一方、表面から板厚方向の1/8の厚さ位置における{110}<111>、{110}<001>および{211}<111>の極密度の和が集合組織をもたないものの5倍以上であり、かつ、それぞれが1.5倍以上であることも好ましい。これらの方位が発達している場合に加工性の向上が得られるからである。加工性が向上する原因は明らかではないが、次のように推測される。即ち、粒界が粒界として機能するためには、隣接粒との角度差が15度以上である粒界(大傾角粒界)であることが好ましく、前述の極密度が発達すると大傾角粒界の割合が増加して、細粒化効果が効率良く発揮されるものと考えられる。より好ましいのは、前記極密度の和が、集合組織をもたないものの6倍以上であることである。 On the other hand, the sum of the polar densities of {110} <111>, {110} <001> and {211} <111> at a thickness of 1/8 from the surface in the thickness direction has no texture. It is also preferable that the ratio is 1.5 times or more and each is 1.5 times or more. This is because workability can be improved when these orientations are developed. The reason why the workability is improved is not clear, but is presumed as follows. That is, in order for the grain boundary to function as a grain boundary, the grain boundary is preferably a grain boundary (large tilt grain boundary) having an angular difference of 15 degrees or more with adjacent grains. It is considered that the ratio of the boundary increases and the fine graining effect is efficiently exhibited. More preferably, the sum of the extreme densities is 6 times or more that of no texture.

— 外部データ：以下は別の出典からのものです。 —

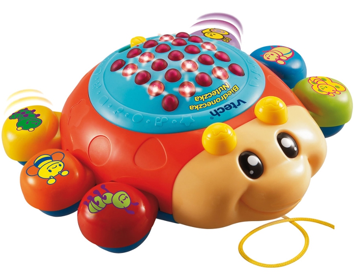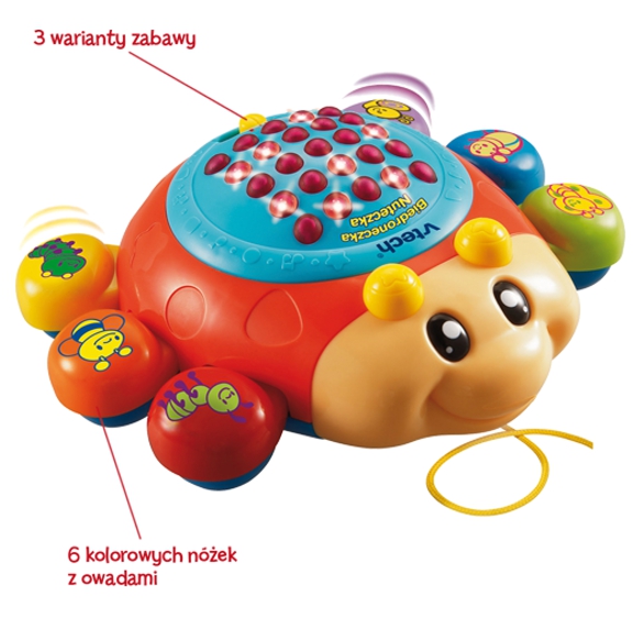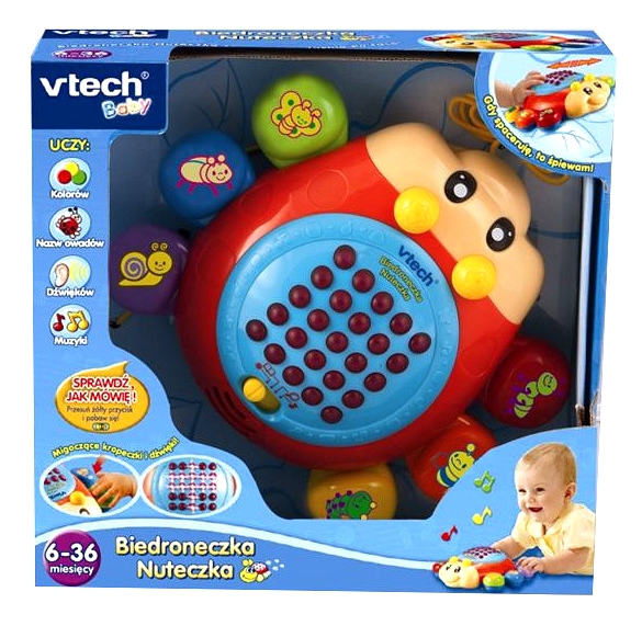 Vtech Biedroneczka Nuteczka 60079 pomaga dziecku odkrywać zupełnie świat! Naciskając nóżki zabawki, dziecko uczy się nazw owadów, ich imion i rozróżniania kolorów. Biedroneczka zadaje pytania, nagradzając dźwiękiem poprawną odpowiedź. Zabawie towarzyszą wesołe melodie. Możliwość prowadzenia zabawki za sznurek zachęca dziecko do samodzielnego chodzenia. Zabawka mówi i śpiewa po polsku.

本発明の熱延鋼板の組織は、体積率で40〜95%のベイナイトと残部がフェライトからなるものである。 The structure of the hot-rolled steel sheet of the present invention is composed of 40% to 95% bainite by volume and the balance being ferrite.
本発明におけるベイナイトの体積率とは、板厚方向に1/8、1/4および1/2の厚さ位置の任意の各5視野以上を、いわゆるメッシュ法にて測定した算術平均値である。フェライトの平均粒径とは、板厚方向に1/8、1/4および1/2の厚さ位置の任意の各5視野以上を切断法により測定して求めた算術平均値を、球相当直径となるように1.13倍したものであり、鋼板全体のフェライトの平均粒径とは、前記3箇所の板厚位置におけるフェライト粒径の算術平均値である。 The volume fraction of bainite in the present invention is an arithmetic average value measured by a so-called mesh method for each of five or more visual fields at thickness positions of 1/8, 1/4 and 1/2 in the thickness direction. . The average grain size of ferrite is the sphere equivalent to the arithmetic average value obtained by measuring any five or more visual fields at 1/8, 1/4 and 1/2 thickness positions in the plate thickness direction by the cutting method. The average grain size of ferrite of the entire steel sheet is an arithmetic average value of ferrite grain diameters at the three plate thickness positions.
3.製造方法
本発明の熱延鋼板の製造方法では、これまでに述べた化学組成を有する鋼の鋼片(スラブ)または鋼板を素材とする。これらの素材は、連続鋳造や鋳造・分塊により得たスラブ、ストリップキャスティングにより得た鋼板などや、必要によってはそれらに熱間加工または冷間加工を加えたものである。それらが冷材であればAc3点以上の温度に再加熱して、圧延する。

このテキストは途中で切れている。